INTRODUCTION: Despite plasma levels of certain HIV drugs decreasing in the third trimester of pregnancy there is no definitive evidence that therapeutic drug monitoring (TDM) improves HIV control and prevents mother-to-child transmission (MTCT). Indeed "one-off" TDM measurements are thought to poorly correlate with overall drug exposure [1]. We aim to describe baseline demographic and clinical characteristics of pregnant women with HIV, and to compare their HIV control, management during pregnancy and neonatal outcomes with respect to whether TDM was performed.
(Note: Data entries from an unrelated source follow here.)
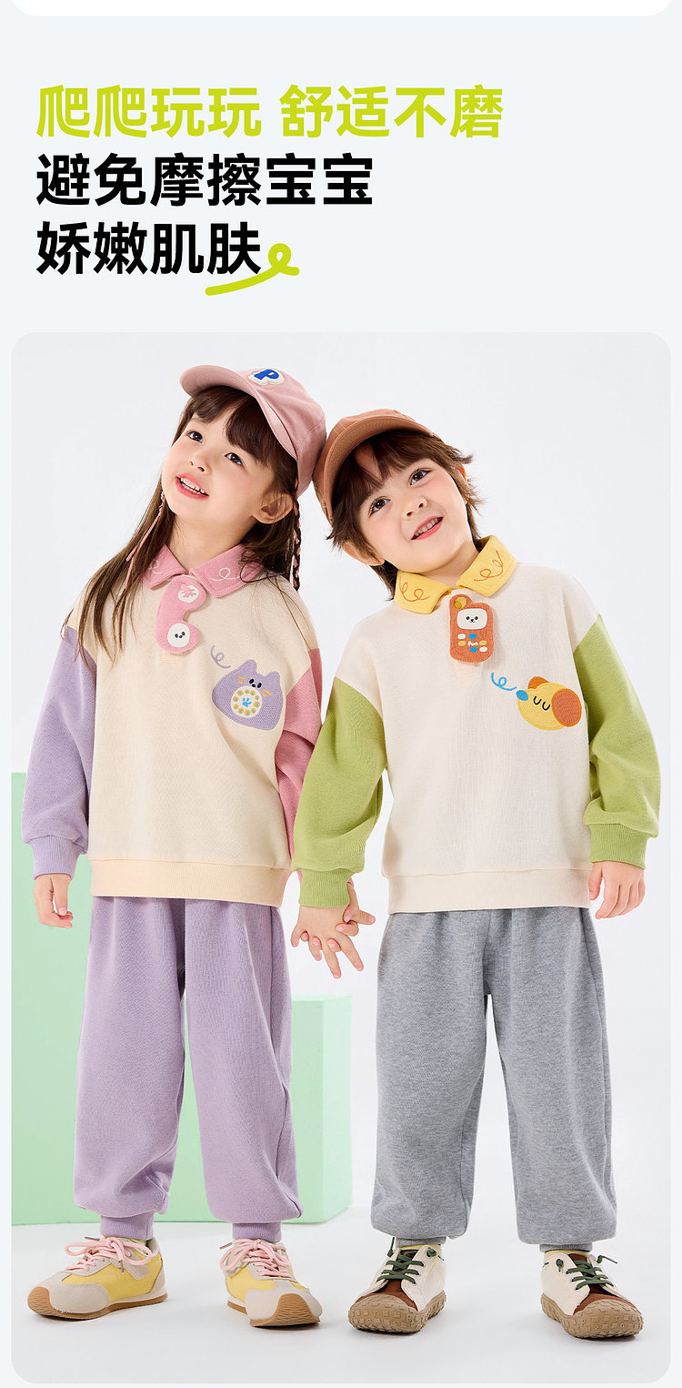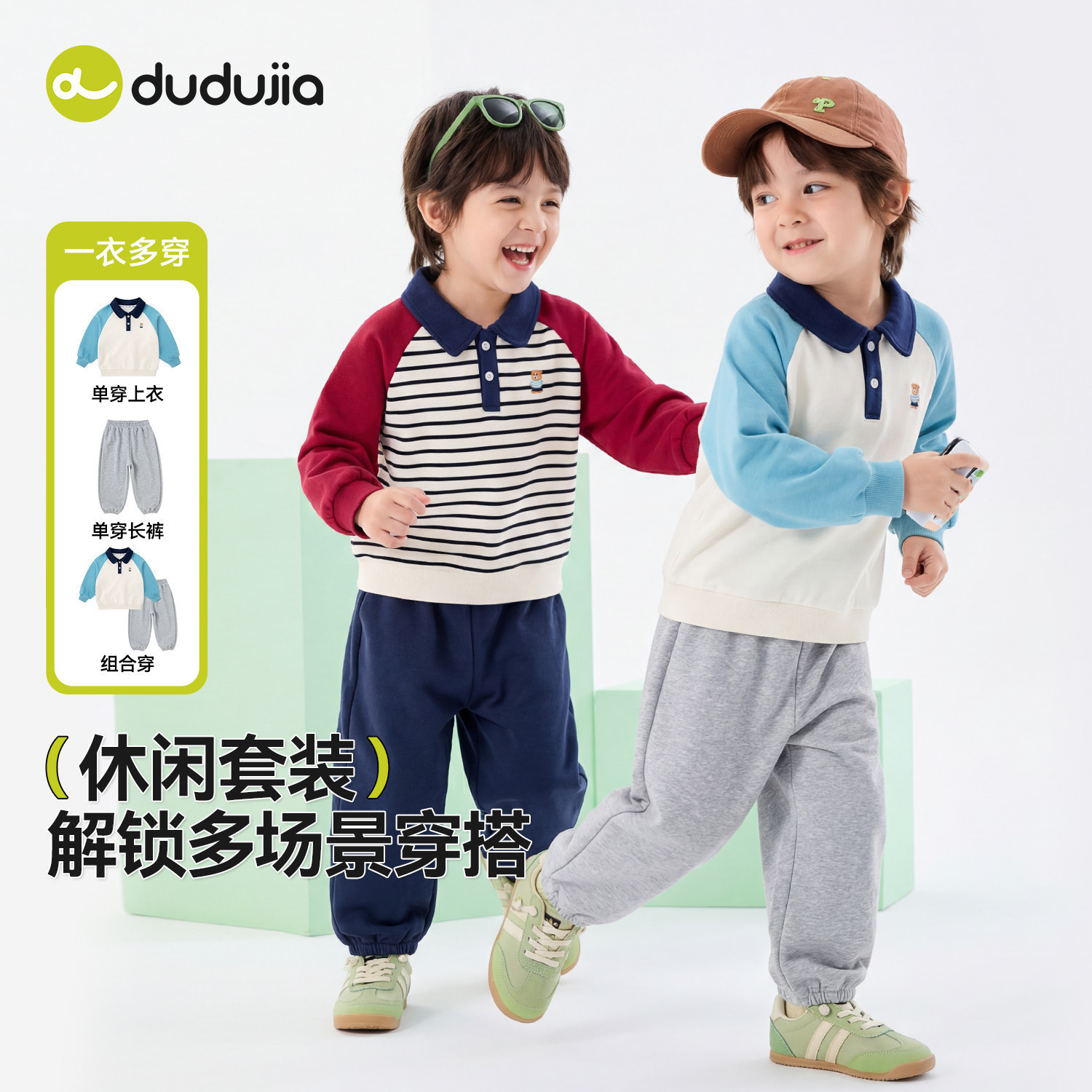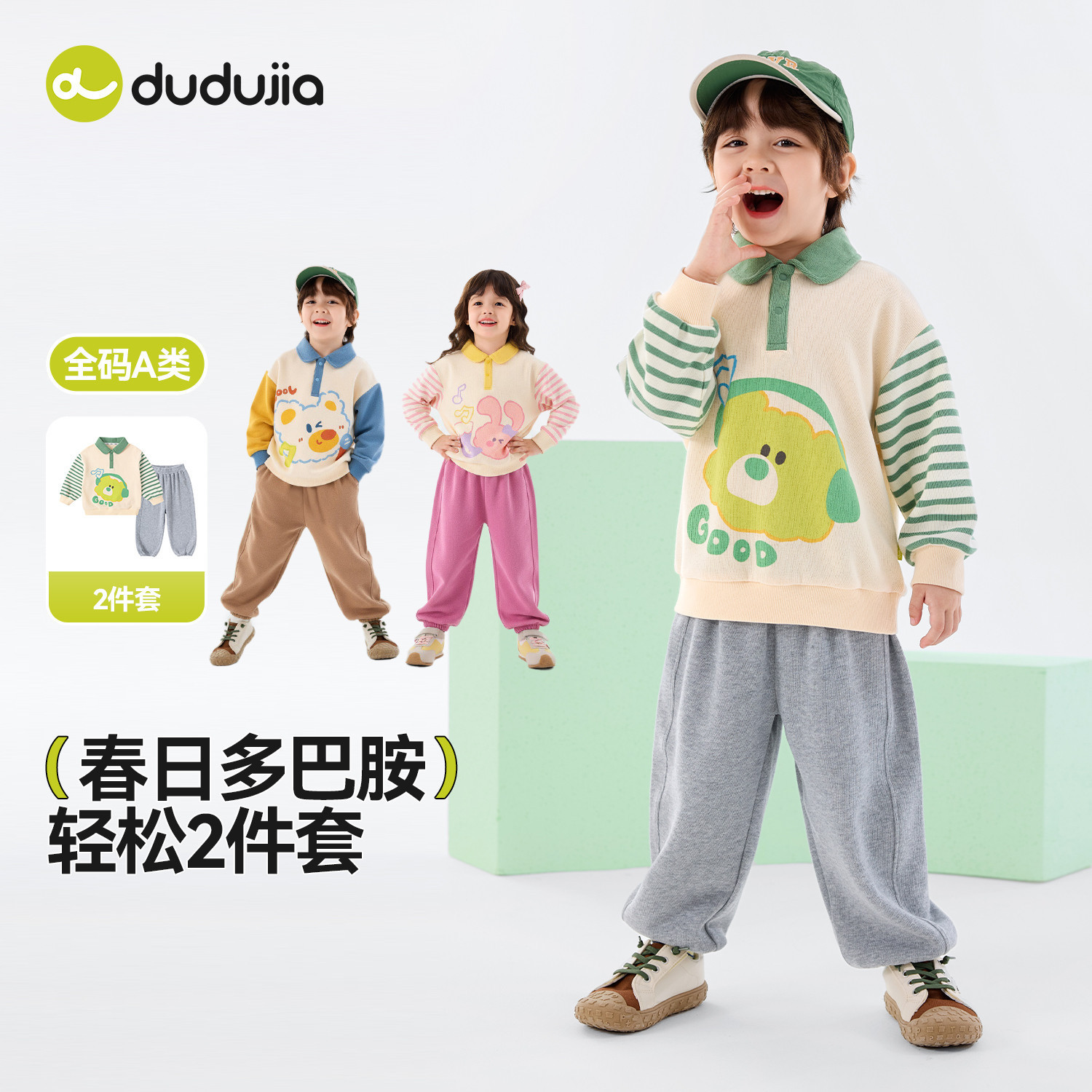 【26多巴胺套装合集】嘟嘟家儿童polo套装春季新款宝宝卫衣裤子两件套春装男童衣服童装D6ATZ175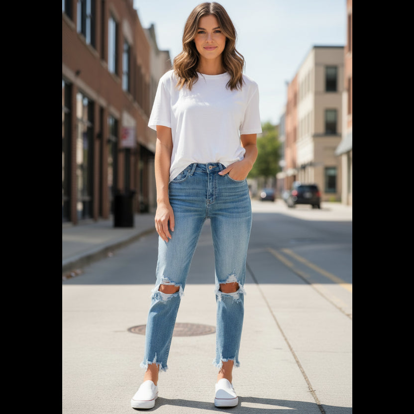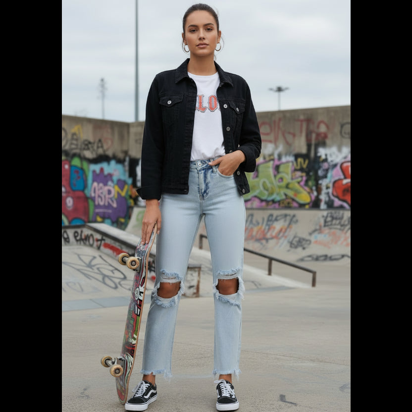 - Design Rippé : Détails déchirés qui ajoutent une touche trendy.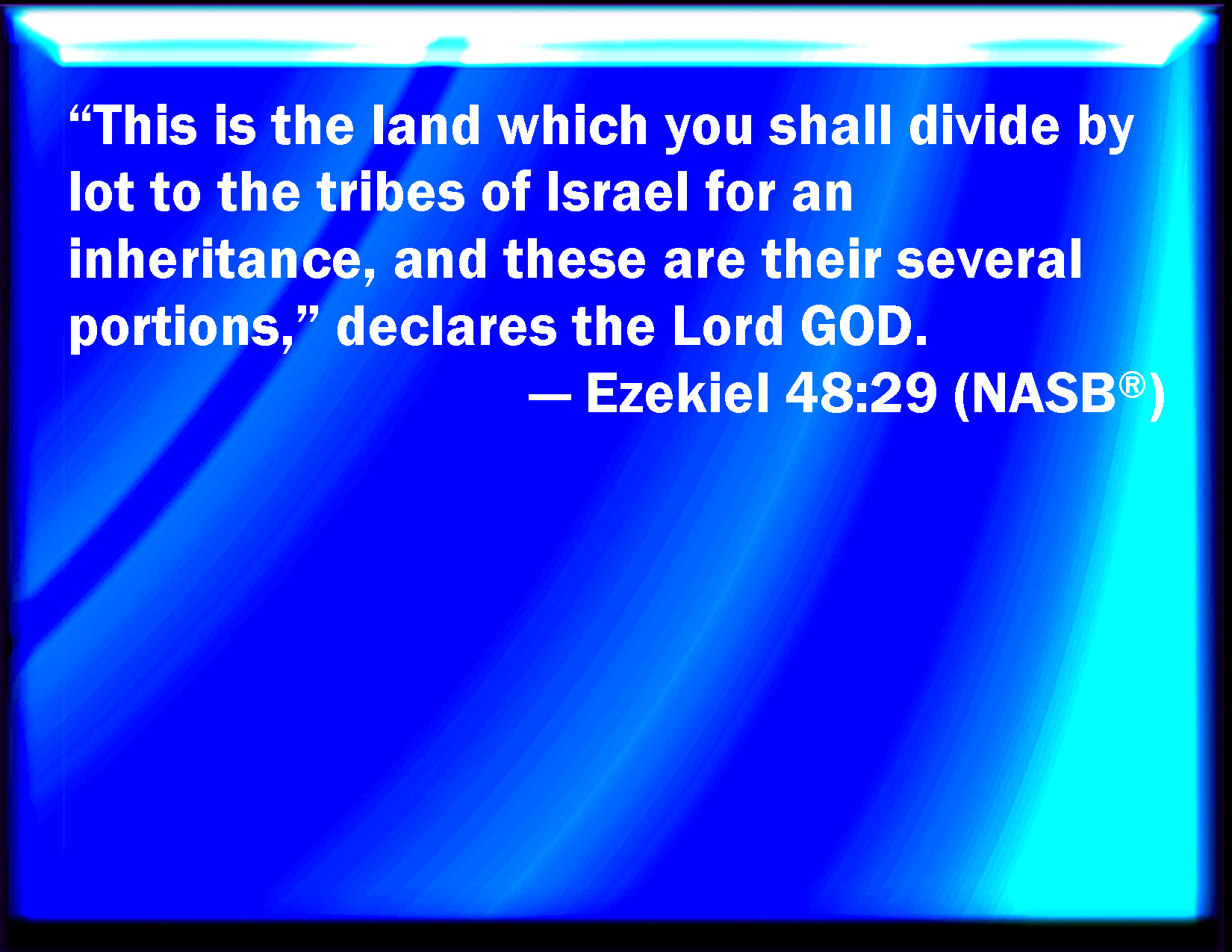 Bible Verse Slide Ezekiel 48:29 This is the land which you shall divide by lot to the tribes of Israel for inheritance, and these are their portions, said the Lord GOD. KJV: This is the land which ye shall divide by lot unto the tribes of Israel for inheritance, and these are their portions, saith the Lord GOD. DRB: This is the land which you shall divide by lot to the tribes of Israel: and these are the portions of them, saith the Lord God. DBT: This is the land which ye shall divide by lot unto the tribes of Israel for inheritance, and these are their portions, saith the Lord Jehovah. ERV: This is the land which ye shall divide by lot unto the tribes of Israel for inheritance, and these are their several portions, saith the Lord GOD. WBT: This is the land which ye shall divide by lot to the tribes of Israel for inheritance, and these are their portions, saith the Lord GOD. WEB: This is the land which you shall divide by lot to the tribes of Israel for inheritance, and these are their several portions, says the Lord Yahweh. YLT: This is the land that ye separate by inheritance to the tribes of Israel, and these are their portions — an affirmation of the Lord Jehovah.Links Ezekiel 48:29 NIV • Ezekiel 48:29 NLT • Ezekiel 48:29 ESV • Ezekiel 48:29 NASB • Ezekiel 48:29 KJV • Ezekiel 48:29 Interlinear • Ezekiel 48:29 Commentaries • Ezekiel 48:29 Parallel Texts • Ezekiel 48:29 Bible Apps • Ezekiel 48:29 Parallel • Bible Hub |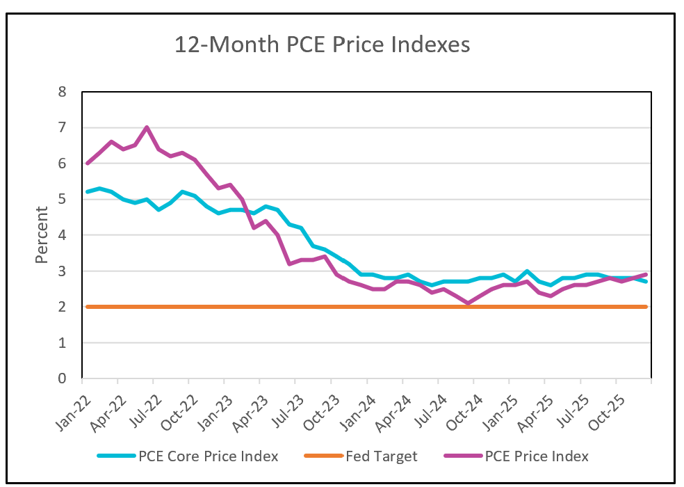 Inflation measured by the PCE price index accelerated: the headline PCE rose 0.4% in December (after 0.2% in November), the largest monthly increase since February 2025, and the core PCE (excluding food and energy) also jumped to 0.4% monthly. Over the past 12 months, the headline PCE was up 2.9% and core PCE was up 3.0%—both the highest year-over-year readings since early 2024. The PCE has been running above the more widely published consumer price index (CPI), partly because the CPI places a heavier weight on housing and car prices; rental and auto price increases have been decelerating, producing a contrast between the rising PCE and the modest drop in the CPI (December CPI 2.7%, January CPI 2.4%).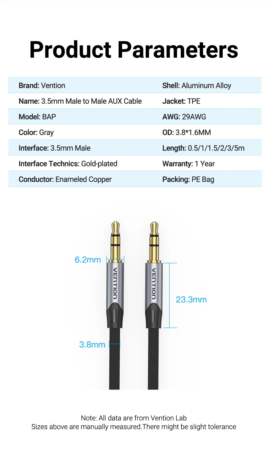 Aux-кабель Vention 3,5 мм, штекер-штекер 3,5 мм, аудиокабель для JBL, Xiaomi, Oneplus, наушников, кабель динамика, автомобильный Aux-шнур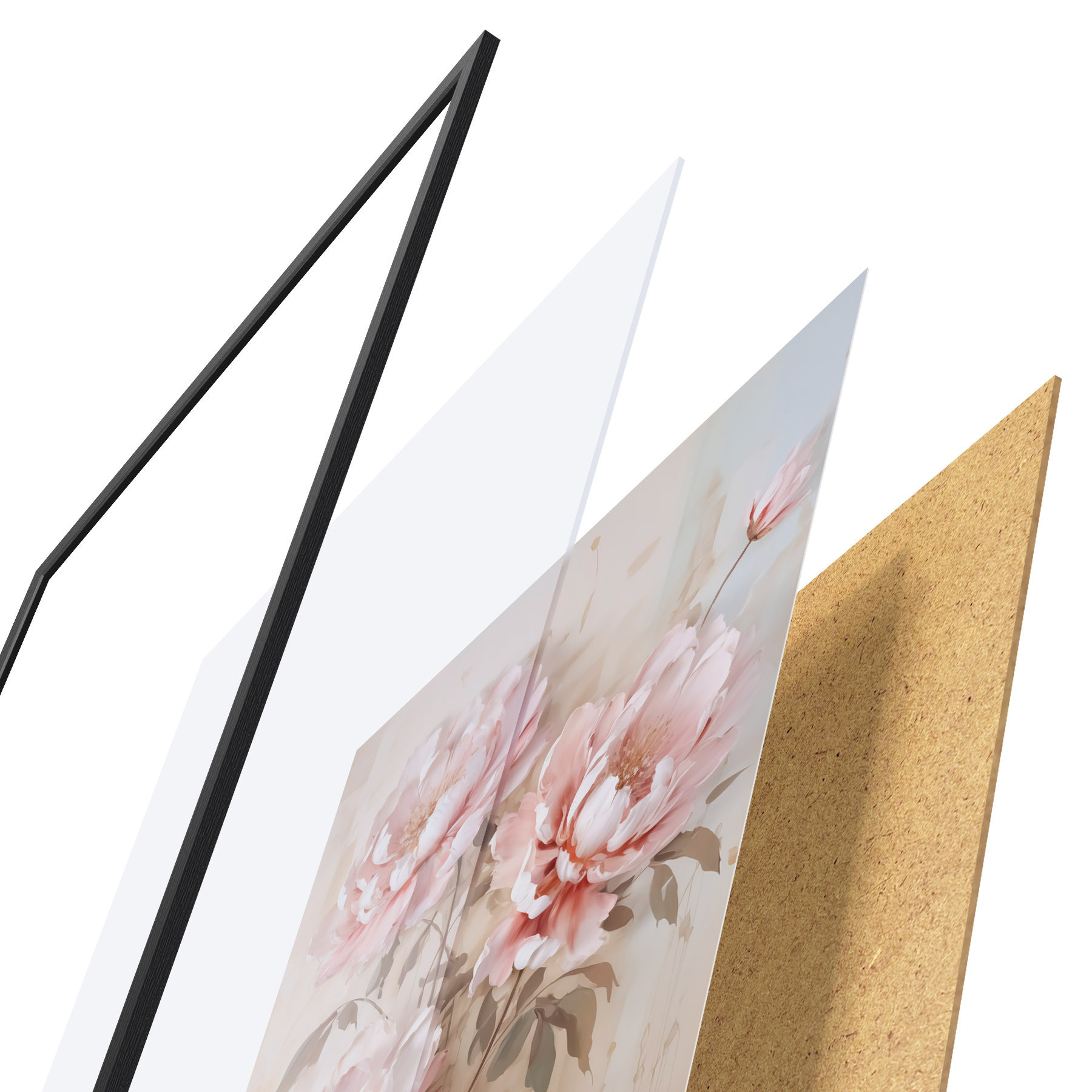 De poster bestaat uit een frame, plexiglas, geprinte afbeelding en spaanplaat achterkant. De poster kan meteen aan de muur worden gehangen dankzij de bevestigingen op de achterkant.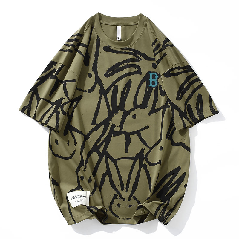 满身兔港风扩版学生落肩袖圆领短袖夏季新款青少年短袖T恤潮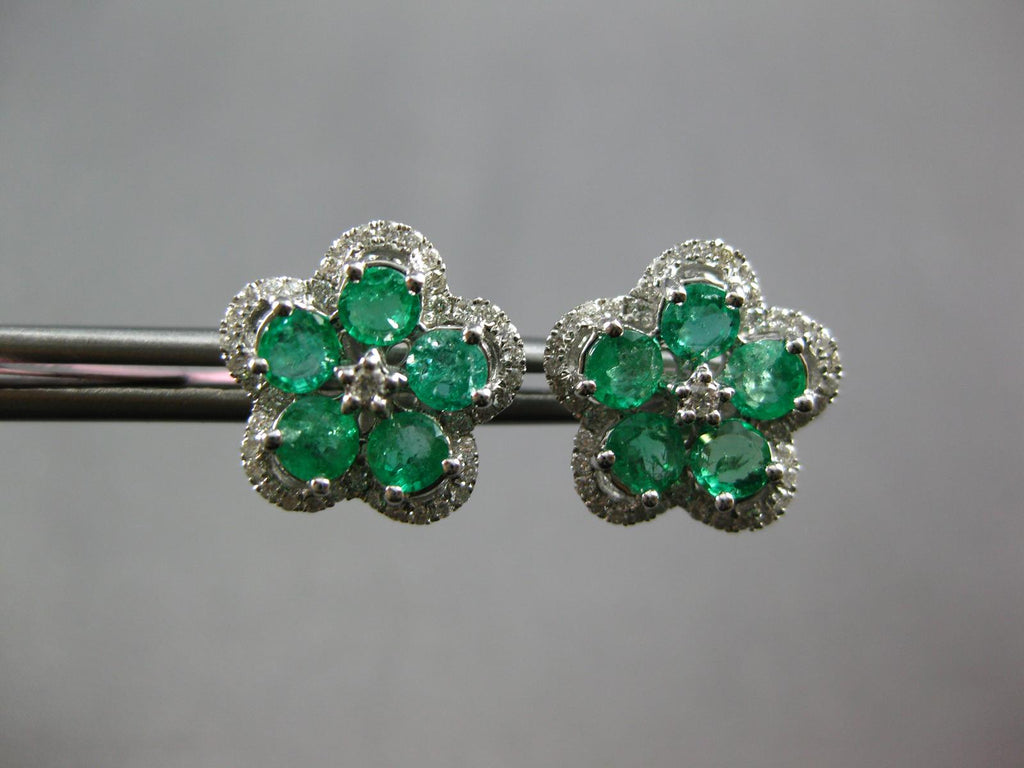 ESTATE 1.80CT DIAMOND & AAA EMERALD 18KT WHITE GOLD CLASSIC FLOWER STUD EARRINGS

MATERIALS AND METHODS: Retrospective cross-sectional case note analysis was performed on pregnant women with HIV who attended North Manchester General Hospital and Manchester Royal Infirmary from 1st January 2008 to 28th May 2013. RESULTS: A total of 171 pregnancies were included; 39% (n=66) had TDM. The majority of patients were of African origin (85%) and age range was 16-42 years (median 32 years). TDM was found to be associated with a history of poor adherence to therapy (TDM 23%, vs no TDM 10%, p=0.017), although baseline viral load (VL) and CD4 counts were comparable between TDM and non-TDM groups (p=0.4756 and 0.9492, respectively). TDM was also associated with protease inhibitors (PI) (TDM 94% vs no TDM 77%, p= 0.004). Within the PI group, TDM was more strongly associated with atazanavir use than other PI's (55%, p=0.023). TDM was not associated with any other demographic variable or with either of the two hospital sites (p=0.427). TDM was associated with medication alterations during pregnancy (TDM 67% vs no TDM 13%, p=0.052), but was not associated with any difference in outcomes with similar proportions of newly detectable VL during pregnancy (TDM 12% vs no TDM 7%, p=0.220) and VL detectable at birth (TDM 14% vs no TDM 9%, p= 0.293). There were no instances of MTCT. CONCLUSIONS: TDM was associated with PI use and a history of poor adherence at baseline. TDM was not associated with improved HIV control during pregnancy and there was no MTCT. TDM was not shown to have any additional benefit in pregnancy and its routine use is not recommended to improve HIV control or reduce MTCT.